If true, this means the death of Apple TV as we know it … and don’t love it. The unveiling of Google’s TV effort at roughly the same time as this Apple news leak appears to be a coincidence, however.
The old Apple TV (pictured) — old meaning it was never updated — never caught on and was subsequently excused as “a hobby” by Steve Jobs.
Google TV debuts in the fall, with Android apps. It will run on cable boxes and Sony HDTVs, along with other entertainment hardware TBA.
The Apple TV box would be right in line with the Jobs aesthetic — power in and video out, Engadget says. The Apple Time Machine feature allows for external hard drive storage, if you like. There’s a mere 16GB of flash memory on the TV box, meaning it’s all about the cloud.
Apps, among many other functions, provide a world of addictive games, as TechCrunch points out. Assuming they look snazzy in living room resolutions, we’re looking at an industry shake-up on the casual games front. (One possible victim of the dueling TV systems: Microsoft’s Xbox Live.)
The Apple TV streaming also will allow for easy access to your iTunes treasures — not all that difficult to achieve now via AirPort, but a bother nonetheless.
The price difference might be the first front: Google TV’s devices (inside Sony HDTVs, for example) would run on the expensive Intel Atom chips.

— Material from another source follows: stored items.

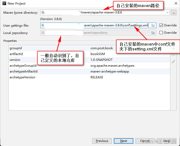 5、分别选择【Maven home directory】,【User setting file】,然后点击【Next】
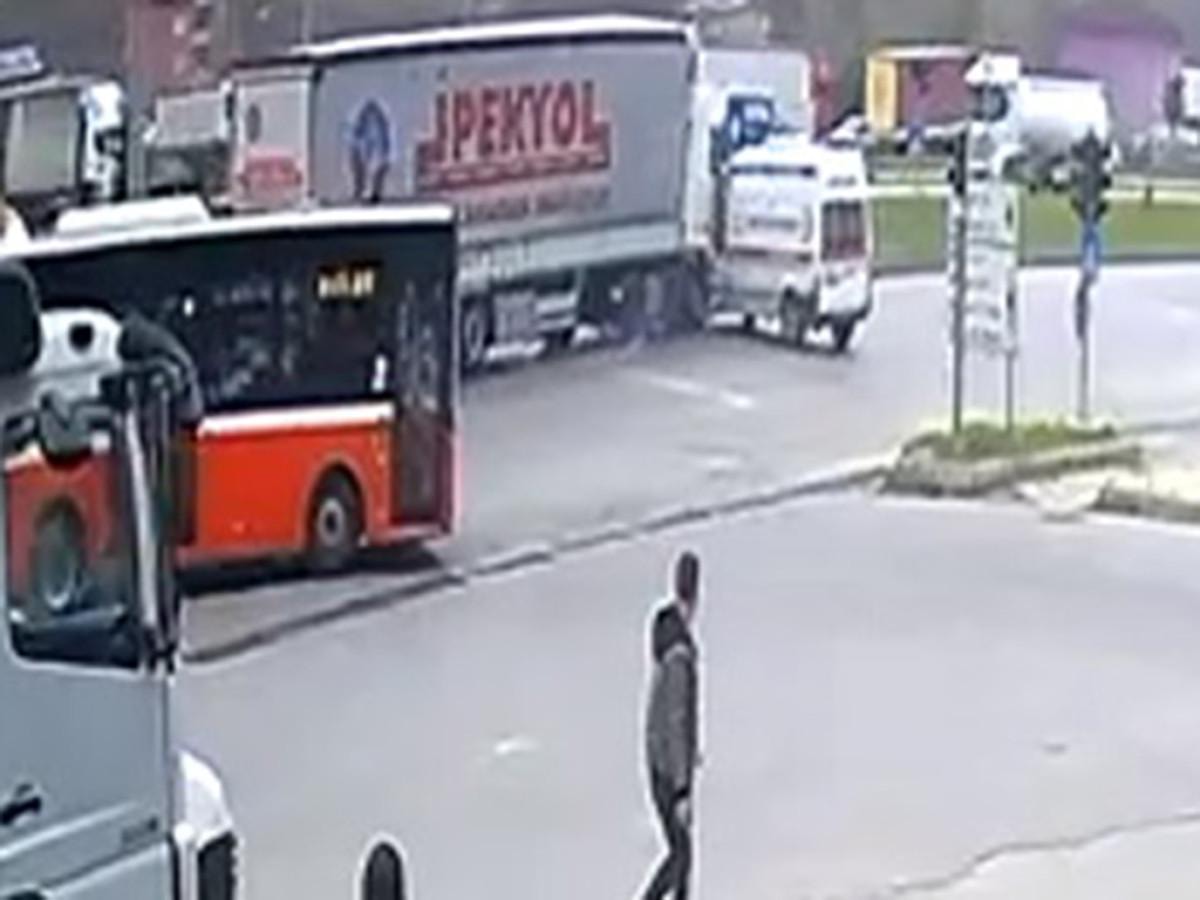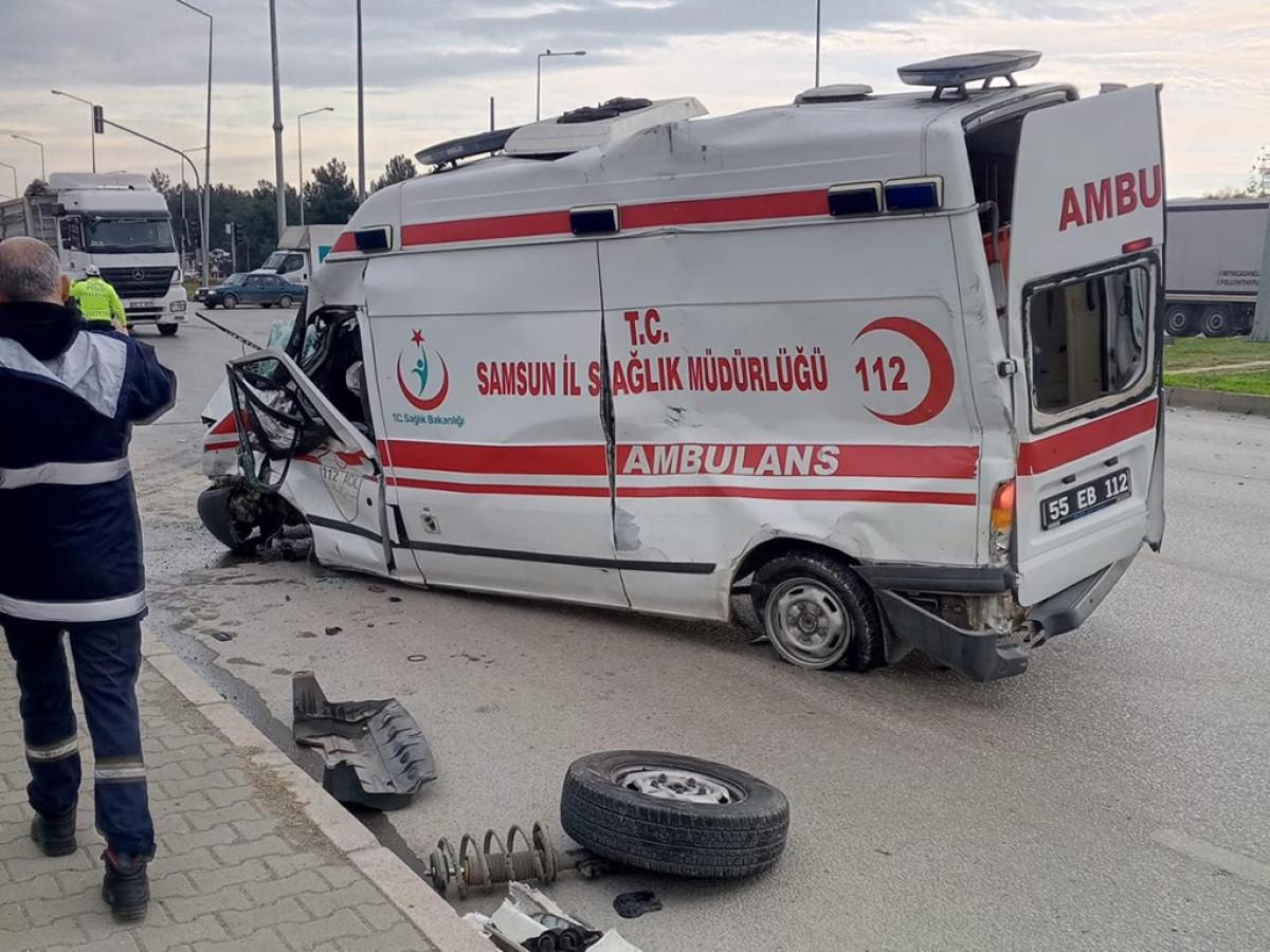 Samsun'un İlkadım ilçesi Kıran Mahallesi'nde tır ile ambulans kavşakta çarpıştı.
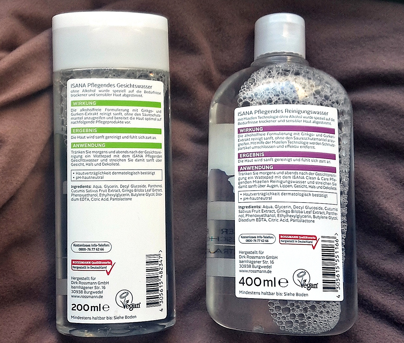 Da Mizellen der neue Beauty-Trend sind, lauern sie neuerdings übrigens überall. Ein gutes Beispiel sind das Mizellen- und das Gesichtswasser von Isana, der Rossmann-Eigenmarke. Was ist nun der Unterschied? Das Mizellenwasser reinigt, das Gesichtswasser nicht? Falsch. Beide enthalten an 3. Stelle der INCI Decyl Glucoside, ein mildes Zuckertensid. Der Unterschied: Das Gesichtswasser enthält etwas mehr Panthenol und ist günstiger, berechnet auf 100 ml. Die Formulierung mag an sich gut sein, allerdings werde ich auch dieses Gesichtswasser nur zum Abschminken benutzen.
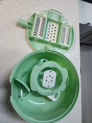 La Mandoline permet de trancher, d'éplucher, de broyer, de séparer les œufs. L'outil de coupe convient aux pommes de terre, concombres, carottes, gingembre, ail, etc.

Apple TV would rely on the company’s new A4 chips, already showing their economy on the iPad.
Meanwhile, the Fire Horse Trail blog has a somewhat creepy post about the privacy implications of the Google TV ad model.
Know how targeted ads follow you around on the Web? Coming soon to a TV near you, eventually.
Soon the TV ads will be greeting you by name, meaning the world of “Minority Report” is not so far away.